The following is from the blog: https://www.cnblogs.com/moumoon/p/10988234.html

1. Code introduction

      At first, only 127 letters were encoded into the computer, that is, upper and lower case English letters, numbers and some symbols. This coding table is called ASCII coding. For example, the coding of upper case letter A is 65 and the coding of lower case letter z is 122.
      However, it is obvious that one byte is not enough to deal with Chinese, at least two bytes are required, and it can not conflict with ASCII coding. Therefore, China has formulated GB2312 coding to encode Chinese.
      What you can imagine is that there are hundreds of languages all over the world. Japan compiles Japanese into English_ In JIS, South Korea compiles Korean into EUC Kr. If countries have national standards, there will inevitably be conflicts. As a result, there will be garbled codes in multilingual mixed texts.
      Therefore, Unicode came into being. Unicode unifies all languages into one set of codes, so that there will be no more random code problems. The Unicode standard is also evolving, but the most commonly used is to represent a character with two bytes (four bytes are required if very remote characters are used). Modern operating systems and most programming languages support Unicode directly.
      A new problem arises again: if it is unified into Unicode coding, the problem of garbled code will disappear. However, if the text you write is basically all in English, Unicode encoding requires twice as much storage space as ASCII encoding, which is not cost-effective in storage and transmission.
      Therefore, in the spirit of saving, there is a UTF-8 coding that converts Unicode coding into "variable length coding". UTF-8 encoding encodes a Unicode character into 1-6 bytes according to different number sizes, common English letters are encoded into 1 byte, Chinese characters are usually 3 bytes, and only rare characters are encoded into 4-6 bytes. If the text you want to transmit contains a large number of English characters, UTF-8 coding can save space. An additional advantage of UTF-8 coding is that ASCII coding can actually be regarded as a part of UTF-8 coding. Therefore, a large number of legacy software that only supports ASCII coding can continue to work under UTF-8 coding.

  1. ASCII

ASCII has only 127 characters, representing the case of English letters, numbers and some symbols.

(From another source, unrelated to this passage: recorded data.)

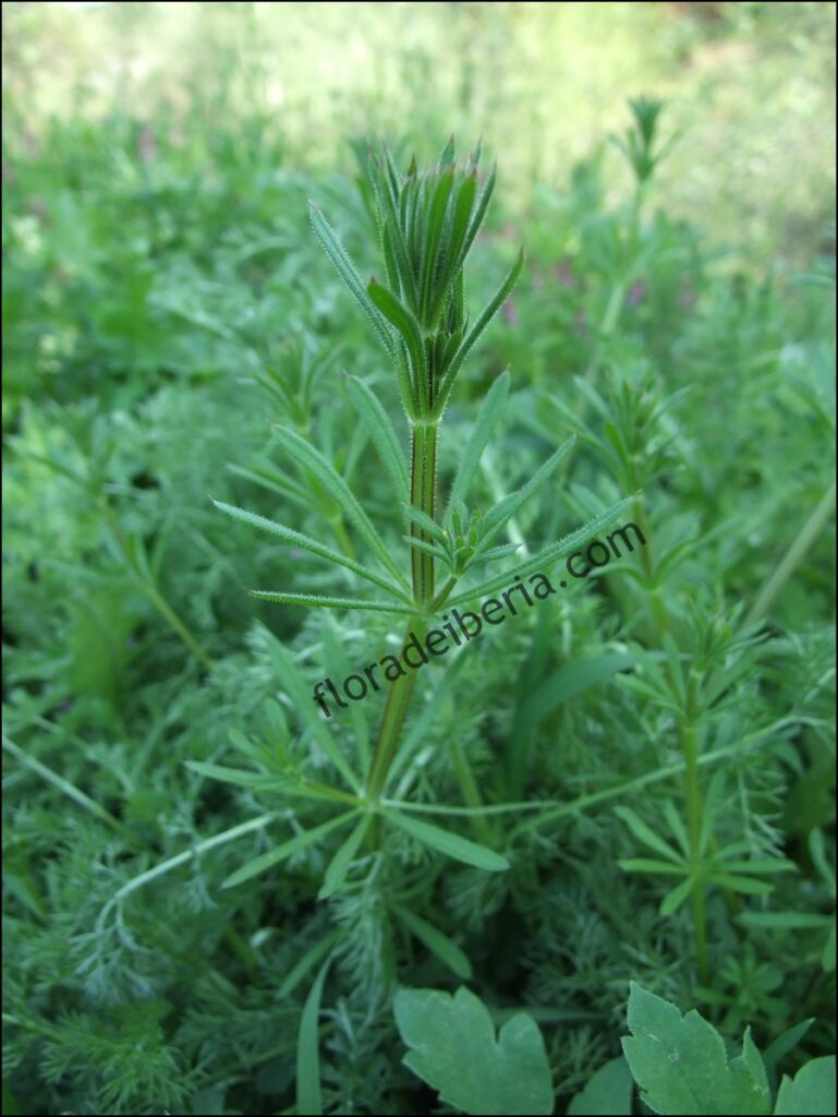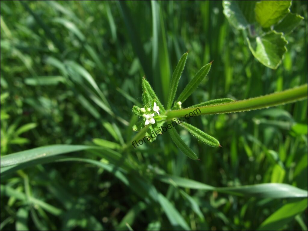 Posee unas hojas linear-lanceoladas, monervadas y acuminadas en el ápice que se agrupan en verticilos de 6-8 alrededor del tallo; estas hojas poseen acúleos en los márgenes que se pegan como velcro a la ropa, pelo o piel.
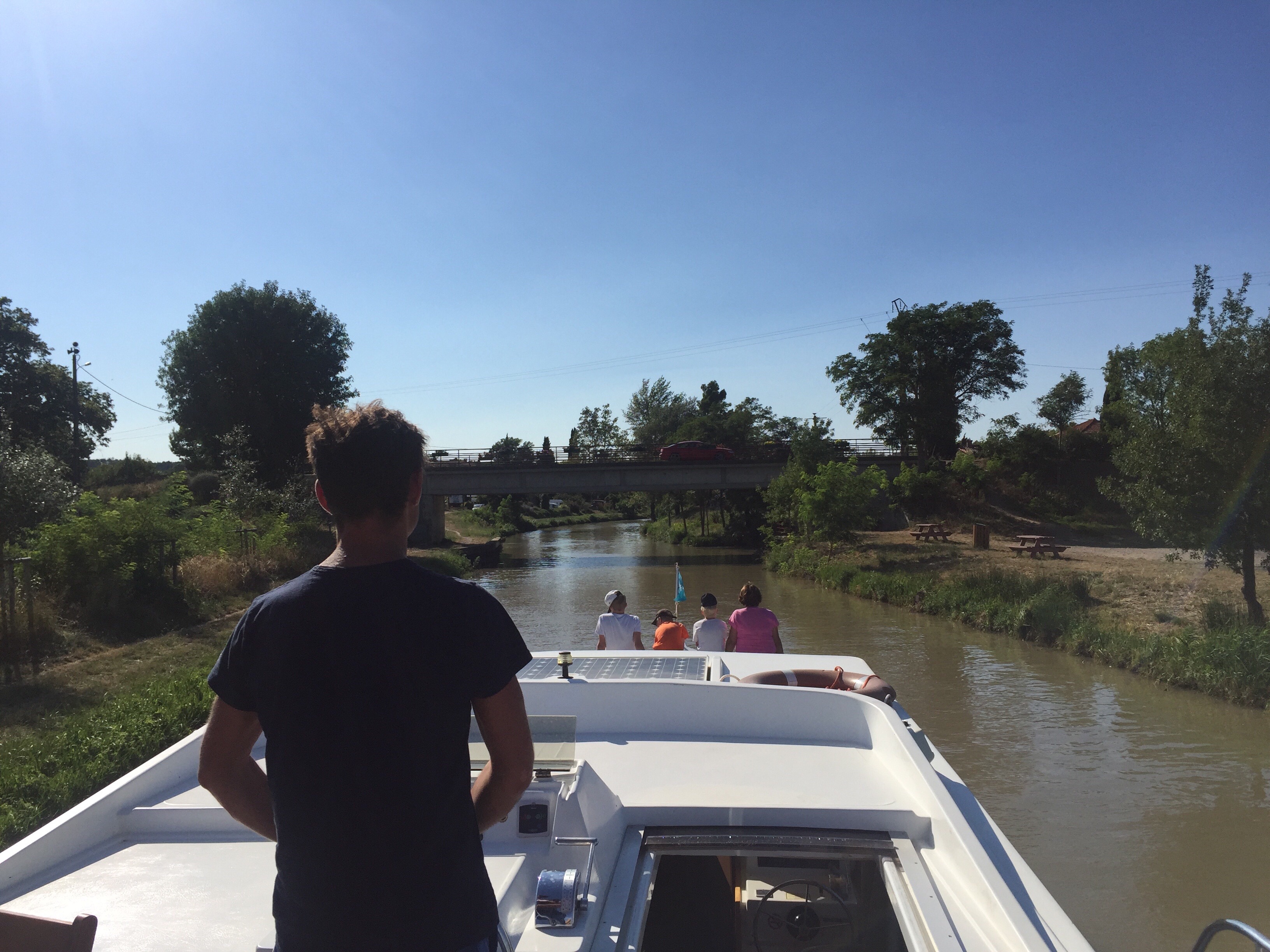 Da die Schleuse kurz vor dem Örtchen Homps bei unserer Ankunft bereits geschlossen war, haben wir unser Schiffchen für die Nacht einfach an einem Baum am Ufer festgemacht. Die gute Fee hat für alle hungrigen Matrosen noch ein leckeres Abendessen gekocht und nun liegen wir an Deck und zählen Sternschnuppen…
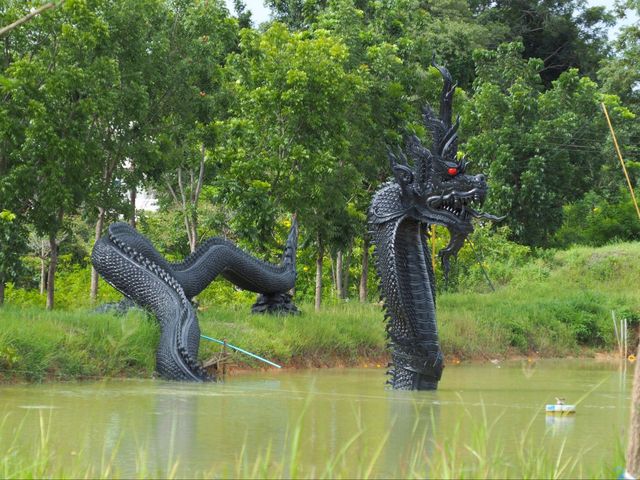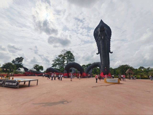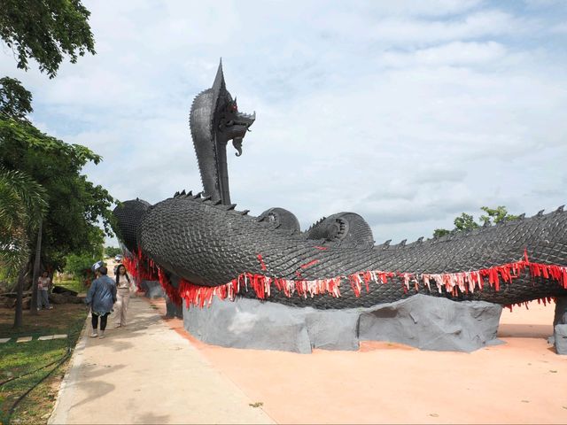#GetDiscountsWithoutLuck#BeautifulTemplesAroundThailand #VisitChaiyaphum #SililTrip Phaya Nilkan Naga at Thammasathan Thepsathit, Thepsathit Meditation Center, Wat Thepsathit, Thepsathit District, Chaiyaphum Province. This is another must-see destination for spiritual seekers visiting the fields of wild ginger flowers in Chaiyaphum Province. The Phaya Nilkan Naga statue, approximately 25 meters tall and 130 meters long, is a strikingly black figure, standing prominently on the roadside. Many people come to pay their respects and pray for good fortune and career advancement. The temple provides a complete set of offerings, including flowers, incense, candles, and lucky incense sticks. Donations can be made according to your faith. Location: Wat Thepsathit, located on Suranarai Road, Wat Tabaek Subdistrict, Thepsathit District, Chaiyaphum Province. 🕰️Opening Hours: Open daily, with admission available at all times.
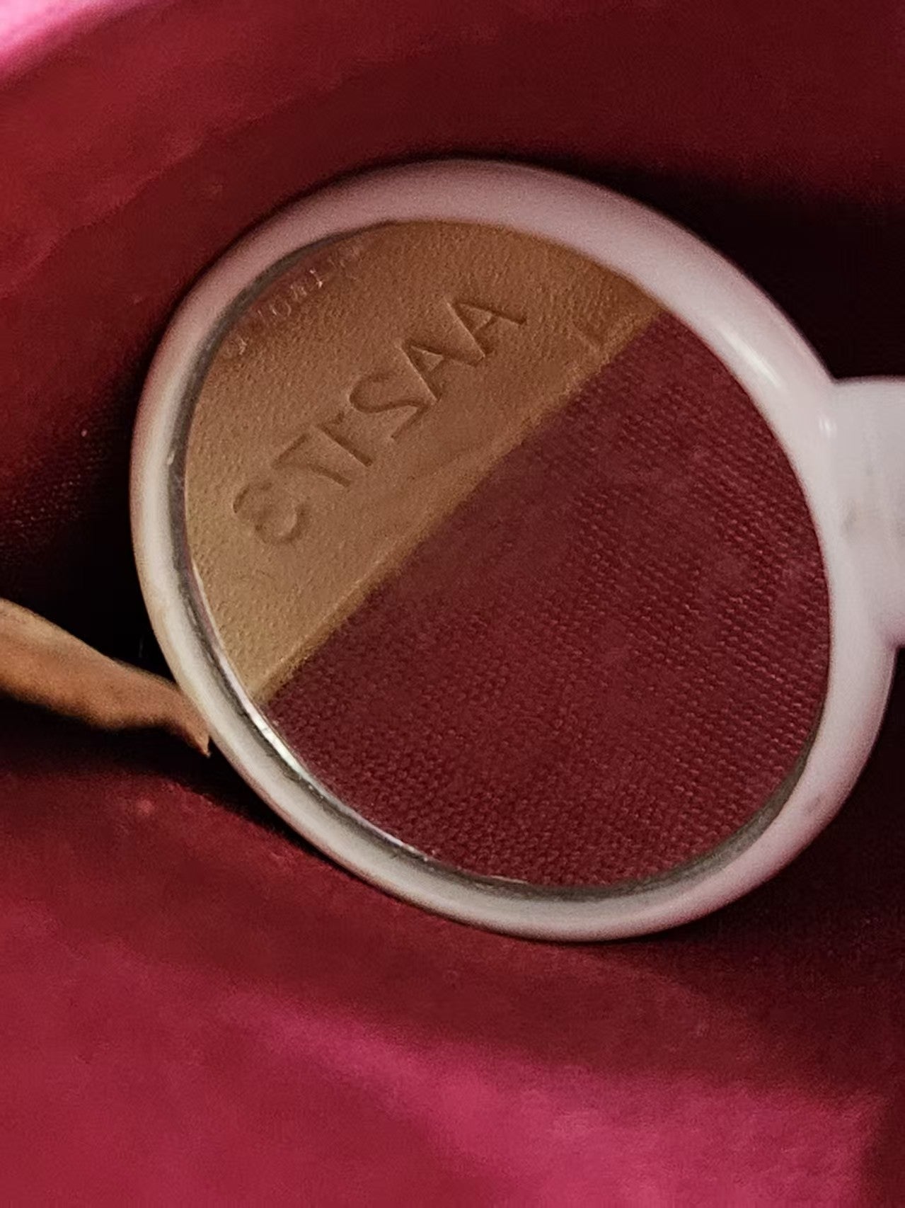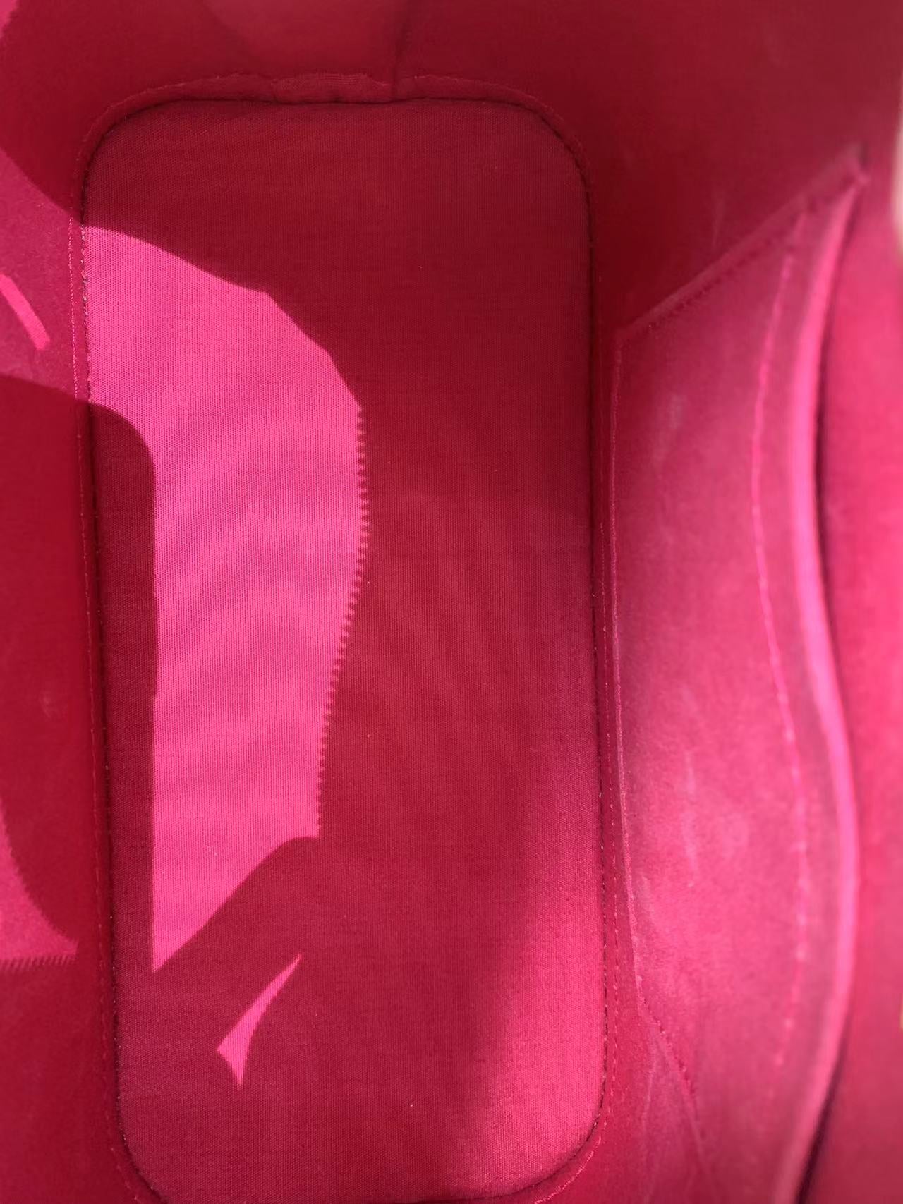 The interior is lined with a durable textile in a complementary magenta or red shade. It features one flat slip pocket, providing practical organization. The lining exhibits minor signs of use such as light dust or superficial marks, but is otherwise clean and free from significant damage.

However, because ASCII coding is not enough for other languages to represent bytes, for example, common Chinese needs two bytes and cannot conflict with ASCII, China has customized GB2312 coding format. Similarly, languages in other countries also have their own coding format.

  1. Unicode

Because each country's language has its own coding format, there will be garbled code in multi language editing text, so Unicode came into being. Unicode unifies these languages into a set of coding format. Usually two bytes represent one character, while ASCII represents one character. In this way, if your compiled text is all English, Unicode encoding requires twice as much storage space as ASCII encoding, which is very uneconomic in storage and transmission.

  1. UTF-8

In order to solve the above problems, there is the transformation of Unicode coding into "variable length coding" UTF-8 coding. UTF-8 coding encodes Unicode characters into 1-6 bytes according to the size of numbers, English letters are encoded into one byte, and common Chinese characters are encoded into three bytes. If the text you translate is pure English, using UTF-8 will save space, And ASCII code is also part of UTF-8.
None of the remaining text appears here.